=== Task requirements ===
The data below should be restated word for word, with every picture omitted.

=== Available data ===
★ ★ ★

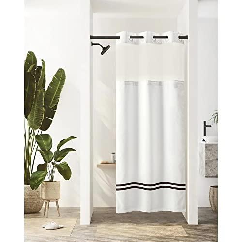 Barossa Design Shower Curtain with Snap in Liner and Satin Accent Stripe
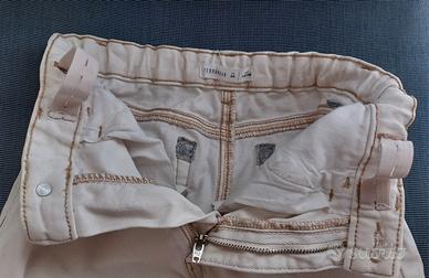Hanno l'elastico regolabile in vita, cinque tasche (tre davanti, di cui una piccolina, e due dietro) e si chiudono con zip e bottone.
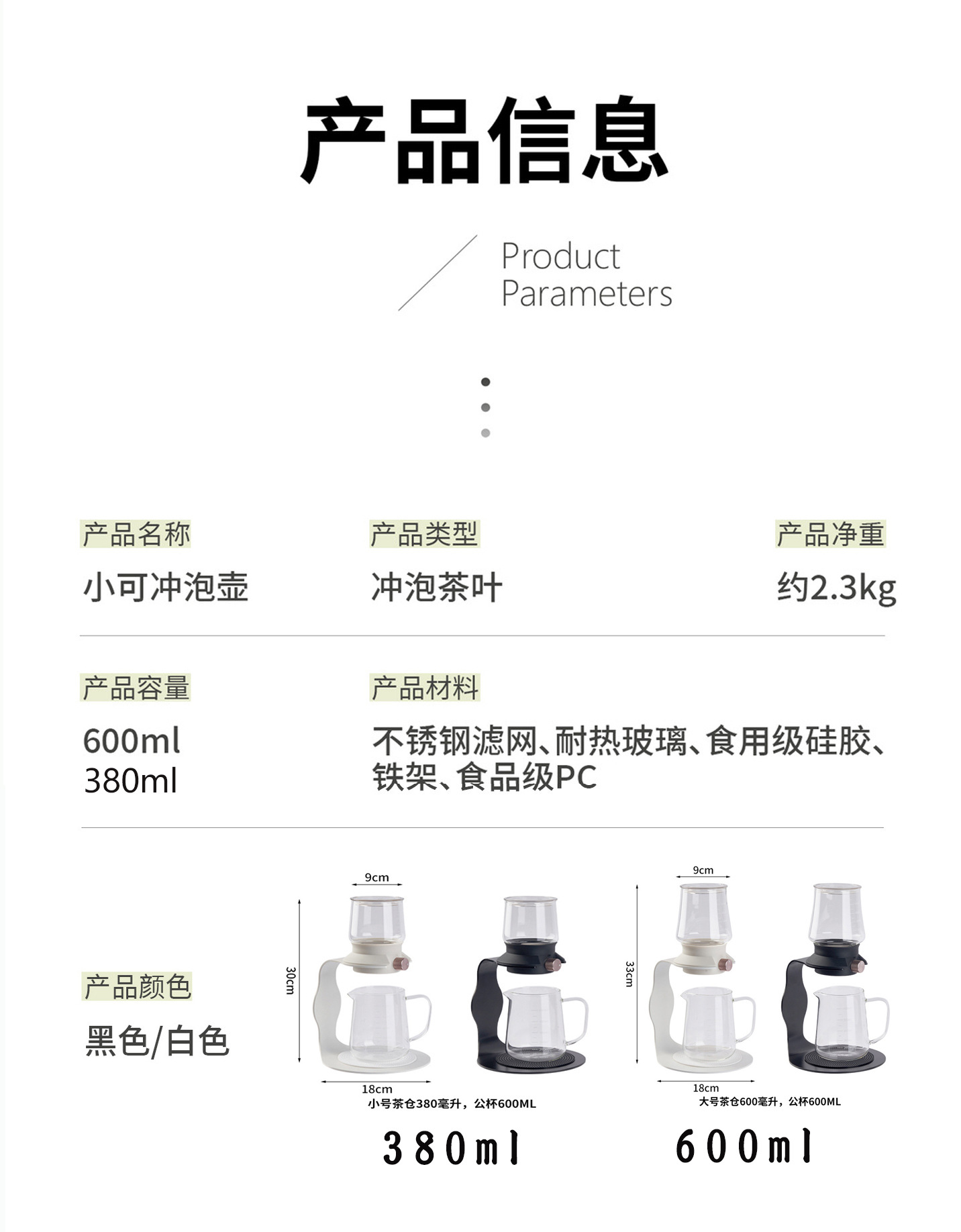 颜色 380ML泡茶壶【黑色】,380ML泡茶壶【白色】,600ML泡茶壶【黑色】,600ML泡茶壶【白色】

★ ★ ★

=== Exercise output ===
 Barossa Design Shower Curtain with Snap in Liner and Satin Accent Stripe
Hanno l'elastico regolabile in vita, cinque tasche (tre davanti, di cui una piccolina, e due dietro) e si chiudono con zip e bottone.
 颜色 380ML泡茶壶【黑色】,380ML泡茶壶【白色】,600ML泡茶壶【黑色】,600ML泡茶壶【白色】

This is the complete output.